### Activity
Among the entries below, the lines from the one with "こんなの南国じゃないと食べら" up to and including the one with "話說,我的症狀輕微:吞口水喉" are to be restated exactly, without pictures.

***** Data listing *****

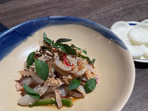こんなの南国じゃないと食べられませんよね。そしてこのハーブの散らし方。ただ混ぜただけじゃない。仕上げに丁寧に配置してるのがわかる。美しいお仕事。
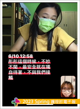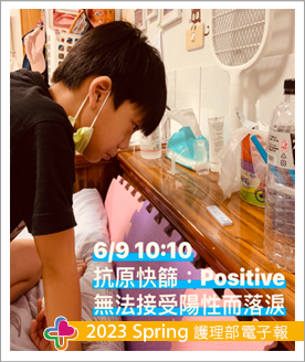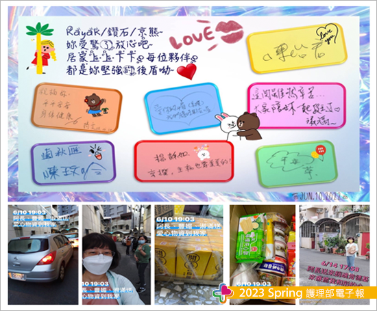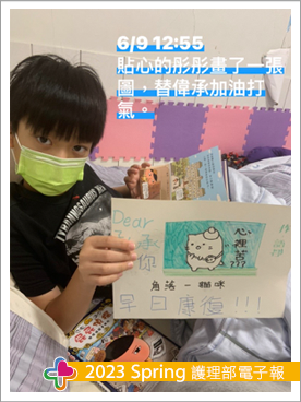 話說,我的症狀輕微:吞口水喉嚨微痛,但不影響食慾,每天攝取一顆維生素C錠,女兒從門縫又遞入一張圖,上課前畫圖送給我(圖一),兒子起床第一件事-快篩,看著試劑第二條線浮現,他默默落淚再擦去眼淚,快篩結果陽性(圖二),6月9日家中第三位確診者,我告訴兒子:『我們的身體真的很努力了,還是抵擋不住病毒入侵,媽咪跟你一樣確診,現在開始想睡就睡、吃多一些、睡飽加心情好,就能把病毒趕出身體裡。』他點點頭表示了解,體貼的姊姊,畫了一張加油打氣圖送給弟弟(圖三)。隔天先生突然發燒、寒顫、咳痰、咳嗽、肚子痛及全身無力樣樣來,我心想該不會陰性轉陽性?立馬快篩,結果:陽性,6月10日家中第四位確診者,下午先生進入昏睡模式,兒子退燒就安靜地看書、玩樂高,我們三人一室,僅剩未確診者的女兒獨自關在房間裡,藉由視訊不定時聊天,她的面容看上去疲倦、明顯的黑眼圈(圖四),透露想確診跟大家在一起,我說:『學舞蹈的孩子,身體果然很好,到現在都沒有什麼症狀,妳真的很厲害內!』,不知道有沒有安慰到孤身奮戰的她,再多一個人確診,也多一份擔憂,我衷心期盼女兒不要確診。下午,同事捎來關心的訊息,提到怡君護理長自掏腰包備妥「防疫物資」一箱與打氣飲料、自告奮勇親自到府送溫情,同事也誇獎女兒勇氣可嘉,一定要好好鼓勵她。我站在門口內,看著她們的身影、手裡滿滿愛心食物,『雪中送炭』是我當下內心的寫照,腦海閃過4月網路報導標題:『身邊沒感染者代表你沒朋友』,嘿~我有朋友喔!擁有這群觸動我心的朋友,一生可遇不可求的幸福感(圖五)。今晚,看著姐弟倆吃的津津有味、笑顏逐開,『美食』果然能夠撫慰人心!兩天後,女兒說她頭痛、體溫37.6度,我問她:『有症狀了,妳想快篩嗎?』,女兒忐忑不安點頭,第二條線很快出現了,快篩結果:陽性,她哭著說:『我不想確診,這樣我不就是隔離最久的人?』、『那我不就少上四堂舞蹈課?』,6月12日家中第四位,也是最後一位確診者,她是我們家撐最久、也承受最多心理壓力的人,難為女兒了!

*****
***** Data listing *****

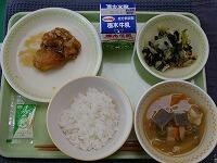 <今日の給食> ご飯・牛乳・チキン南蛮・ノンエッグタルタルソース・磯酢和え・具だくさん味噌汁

*****

### Answer area
こんなの南国じゃないと食べられませんよね。そしてこのハーブの散らし方。ただ混ぜただけじゃない。仕上げに丁寧に配置してるのがわかる。美しいお仕事。
 話說,我的症狀輕微:吞口水喉嚨微痛,但不影響食慾,每天攝取一顆維生素C錠,女兒從門縫又遞入一張圖,上課前畫圖送給我(圖一),兒子起床第一件事-快篩,看著試劑第二條線浮現,他默默落淚再擦去眼淚,快篩結果陽性(圖二),6月9日家中第三位確診者,我告訴兒子:『我們的身體真的很努力了,還是抵擋不住病毒入侵,媽咪跟你一樣確診,現在開始想睡就睡、吃多一些、睡飽加心情好,就能把病毒趕出身體裡。』他點點頭表示了解,體貼的姊姊,畫了一張加油打氣圖送給弟弟(圖三)。隔天先生突然發燒、寒顫、咳痰、咳嗽、肚子痛及全身無力樣樣來,我心想該不會陰性轉陽性?立馬快篩,結果:陽性,6月10日家中第四位確診者,下午先生進入昏睡模式,兒子退燒就安靜地看書、玩樂高,我們三人一室,僅剩未確診者的女兒獨自關在房間裡,藉由視訊不定時聊天,她的面容看上去疲倦、明顯的黑眼圈(圖四),透露想確診跟大家在一起,我說:『學舞蹈的孩子,身體果然很好,到現在都沒有什麼症狀,妳真的很厲害內!』,不知道有沒有安慰到孤身奮戰的她,再多一個人確診,也多一份擔憂,我衷心期盼女兒不要確診。下午,同事捎來關心的訊息,提到怡君護理長自掏腰包備妥「防疫物資」一箱與打氣飲料、自告奮勇親自到府送溫情,同事也誇獎女兒勇氣可嘉,一定要好好鼓勵她。我站在門口內,看著她們的身影、手裡滿滿愛心食物,『雪中送炭』是我當下內心的寫照,腦海閃過4月網路報導標題:『身邊沒感染者代表你沒朋友』,嘿~我有朋友喔!擁有這群觸動我心的朋友,一生可遇不可求的幸福感(圖五)。今晚,看著姐弟倆吃的津津有味、笑顏逐開,『美食』果然能夠撫慰人心!兩天後,女兒說她頭痛、體溫37.6度,我問她:『有症狀了,妳想快篩嗎?』,女兒忐忑不安點頭,第二條線很快出現了,快篩結果:陽性,她哭著說:『我不想確診,這樣我不就是隔離最久的人?』、『那我不就少上四堂舞蹈課?』,6月12日家中第四位,也是最後一位確診者,她是我們家撐最久、也承受最多心理壓力的人,難為女兒了!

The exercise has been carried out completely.